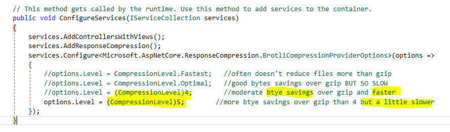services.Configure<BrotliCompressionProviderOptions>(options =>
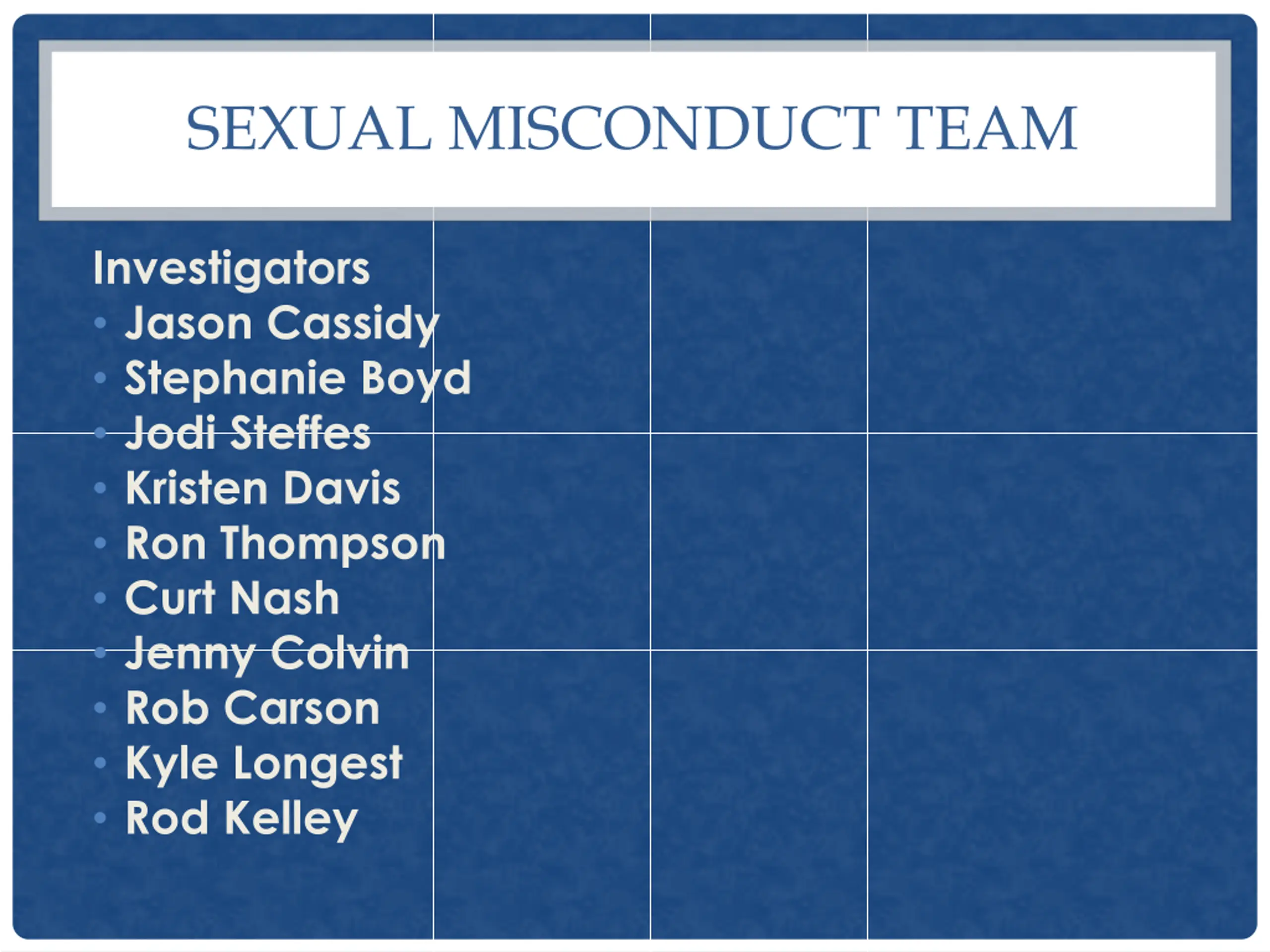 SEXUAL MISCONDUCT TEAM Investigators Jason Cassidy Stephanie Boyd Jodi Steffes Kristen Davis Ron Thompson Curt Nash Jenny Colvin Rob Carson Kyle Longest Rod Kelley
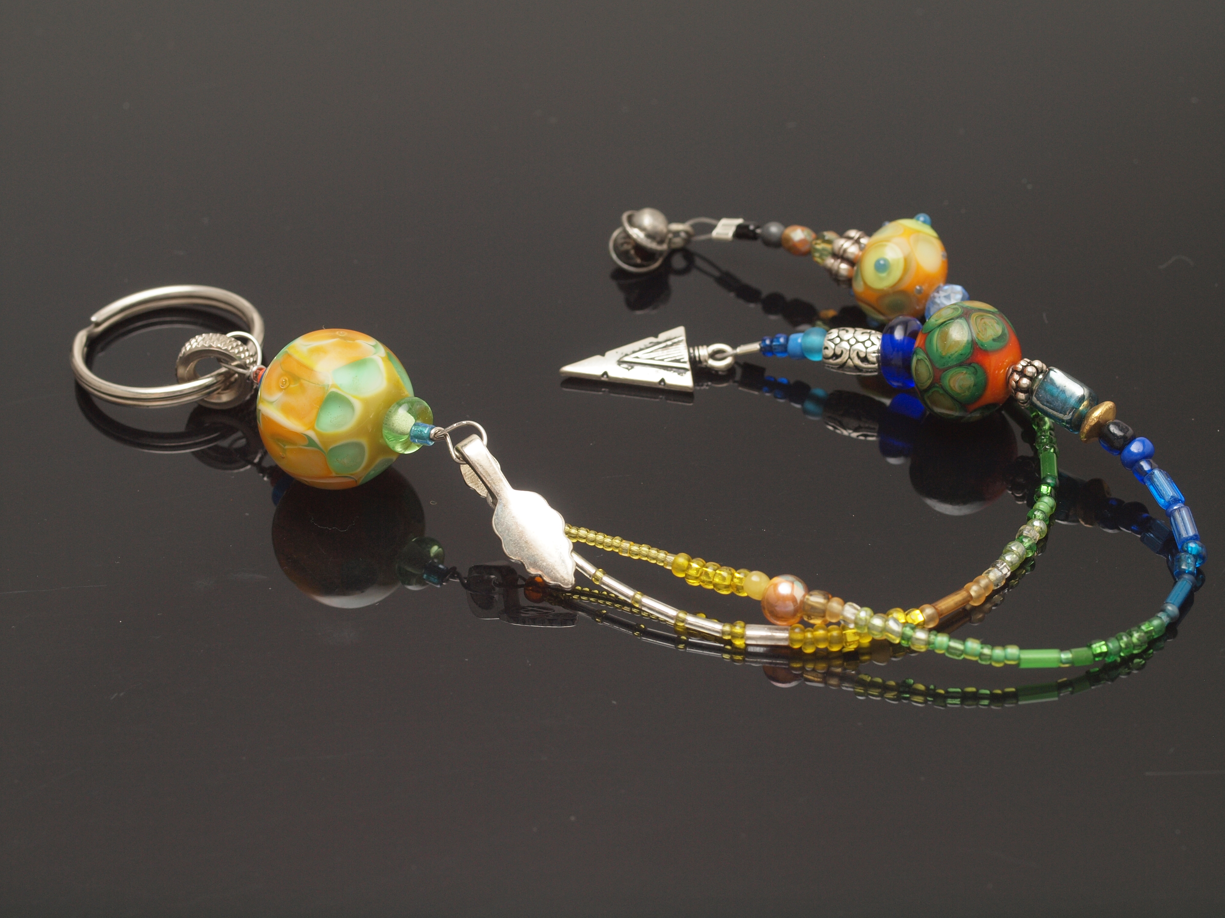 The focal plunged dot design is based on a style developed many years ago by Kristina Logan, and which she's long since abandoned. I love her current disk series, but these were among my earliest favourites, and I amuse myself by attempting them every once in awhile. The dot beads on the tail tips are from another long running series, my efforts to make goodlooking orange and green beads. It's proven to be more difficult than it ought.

To do: Write the data out again exactly, but without its images.

Expected answer:
services.Configure<BrotliCompressionProviderOptions>(options =>
 SEXUAL MISCONDUCT TEAM Investigators Jason Cassidy Stephanie Boyd Jodi Steffes Kristen Davis Ron Thompson Curt Nash Jenny Colvin Rob Carson Kyle Longest Rod Kelley
 The focal plunged dot design is based on a style developed many years ago by Kristina Logan, and which she's long since abandoned. I love her current disk series, but these were among my earliest favourites, and I amuse myself by attempting them every once in awhile. The dot beads on the tail tips are from another long running series, my efforts to make goodlooking orange and green beads. It's proven to be more difficult than it ought.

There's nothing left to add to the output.